March 28, 2012
PALANI KARUPAIYAN AND RAMYA PALANI, PLAINTIFFS-APPELLANTS,
LOUISE SIANO AND JAMES SIANO, DEFENDANTS-RESPONDENTS.
On appeal from the Superior Court of New Jersey, Law Division, Middlesex County, Docket No. L-8863-07.
NOT FOR PUBLICATION WITHOUT THE APPROVAL OF THE APPELLATE DIVISION
Submitted March 20, 2012
Before Judges Fisher and Baxter.
Plaintiff Palani Karupaiyan filed this action,*fn1 alleging he was injured as the result of an accident, on September 7, 2006, involving defendant Louise Siano's automobile. Prior to trial -- in light of representations made by Louise Siano in discovery that her vehicle was being operated on the date in question by her son -- plaintiff was granted leave to join James Siano as a defendant. Following that, summary judgment was granted in favor of defendant Louise Siano.
The action against defendant James Siano was later tried to a jury, which determined that plaintiff failed to prove he sustained an injury that was proximately caused by the September 7, 2006 accident. Plaintiff unsuccessfully moved for a new trial and his attorney successfully moved to be relieved as counsel.
Plaintiff appeals, arguing in a pro se brief, that (1) the trial judge erred in denying his motion for a new trial because there was medical evidence to support plaintiff's claim that his injuries were proximately caused by the accident; (2) the verdict was based on "fraudulent" testimony regarding the identity of the Siano vehicle's operator; (3) the trial judge erred when he found a lack of nexus between plaintiff's claim for lost wages and the accident and, therefore, mistakenly excluded the alleged lost wages as an element of plaintiff's damages; (4) plaintiff was prejudiced by the absence of an interpreter during a portion of defendant James Siano's direct testimony; (5) the trial judge erred in admitting a black-and- white photograph of the Siano vehicle as it appeared after the accident; and (6) the motion judge erred in entering summary judgment in favor of defendant Louise Siano. We find no merit in these arguments.

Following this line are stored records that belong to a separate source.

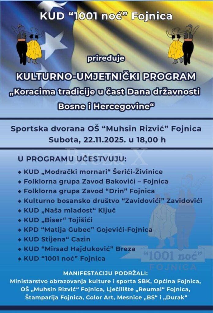 Svečani kulturno-umjetnički program održat će se u sportskoj dvorani OŠ „Muhsin Rizvić“ u Fojnici, u subotu, 22. novembra 2025. godine u 18 sati. Ovaj događaj okuplja društva iz različitih dijelova Bosne i Hercegovine s ciljem očuvanja tradicije, folklorne baštine i zajedničkih kulturnih vrijednosti.
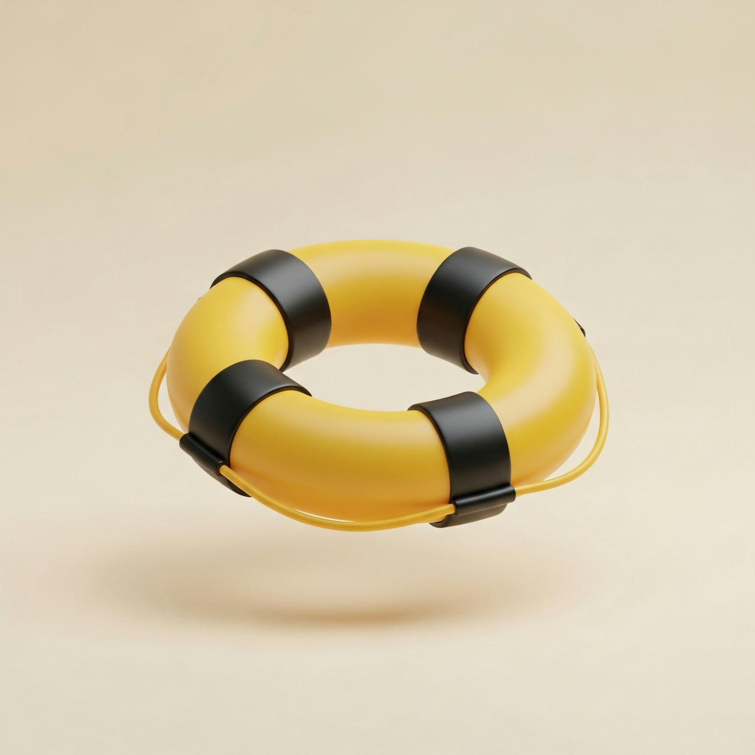 A modern yellow lifebuoy with black straps, floating against a beige background, showcasing a sleek and minimalistic design.
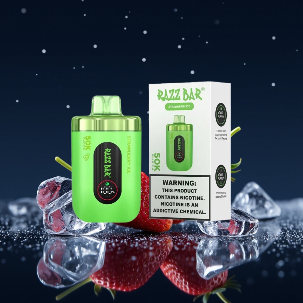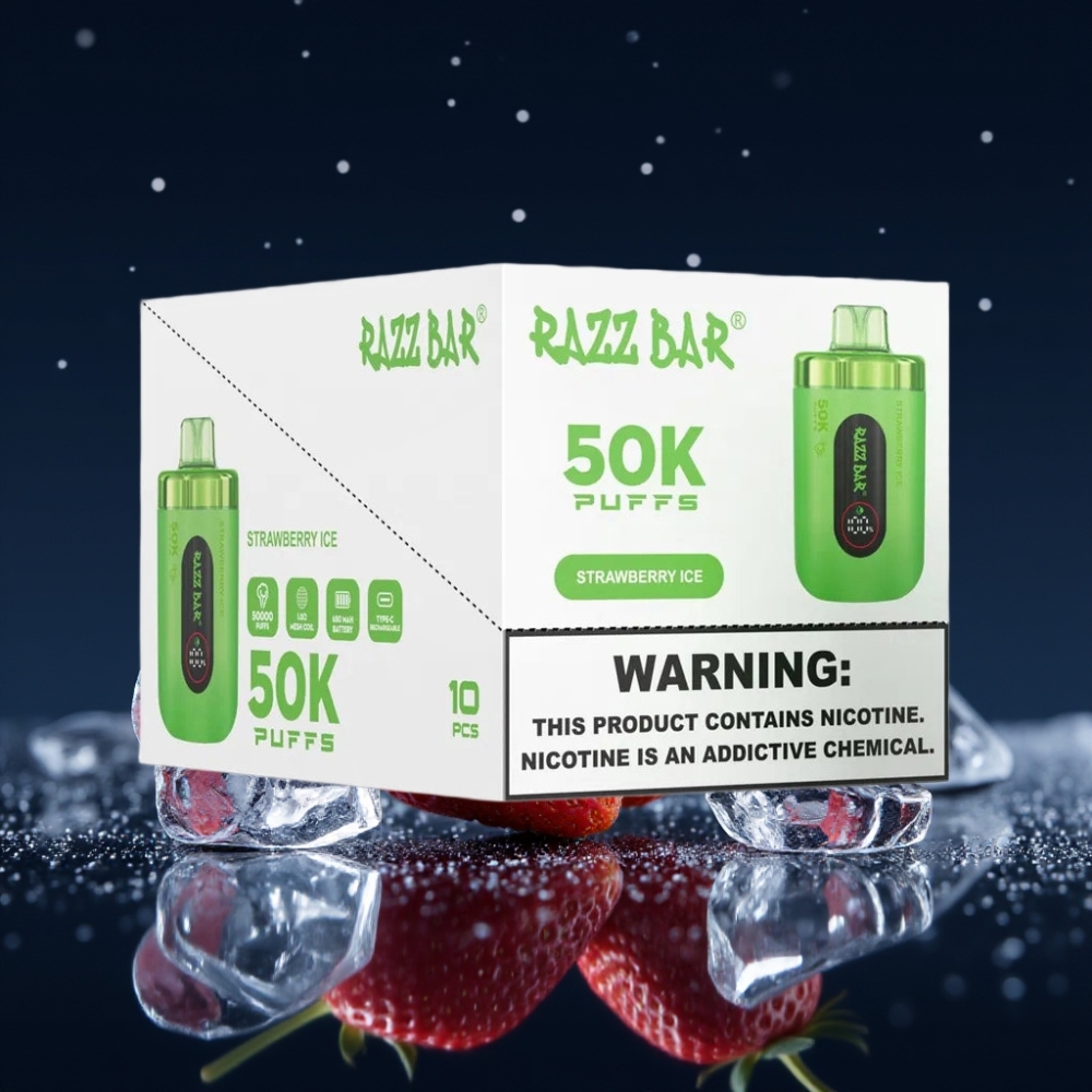 Razz Bar 50K Puffs Disposable Vype Strawberių Ledas su 650 mAh Baterija ir Type-C

In rejecting plaintiff's first point, we discern from the pro se brief that plaintiff's consternation stems from the fact that defendant James Siano admitted liability but the jury nevertheless determined that any injuries were not proximately caused by his negligence. Plaintiff's claim that the back pain to which he testified, and the bulging discs to which his expert testified, were caused by the accident were disputed by defendant, who offered medical testimony that plaintiff's condition was not caused by the accident but was degenerative and the result of the aging process. The jury was free to decide these disputed issues based upon evidence it found credible and persuasive. Our role is not to second guess the resolution of such disputed matters by the factfinder. See, e.g., Carrino v. Novotny, 78 N.J. 355, 365-66 (1979).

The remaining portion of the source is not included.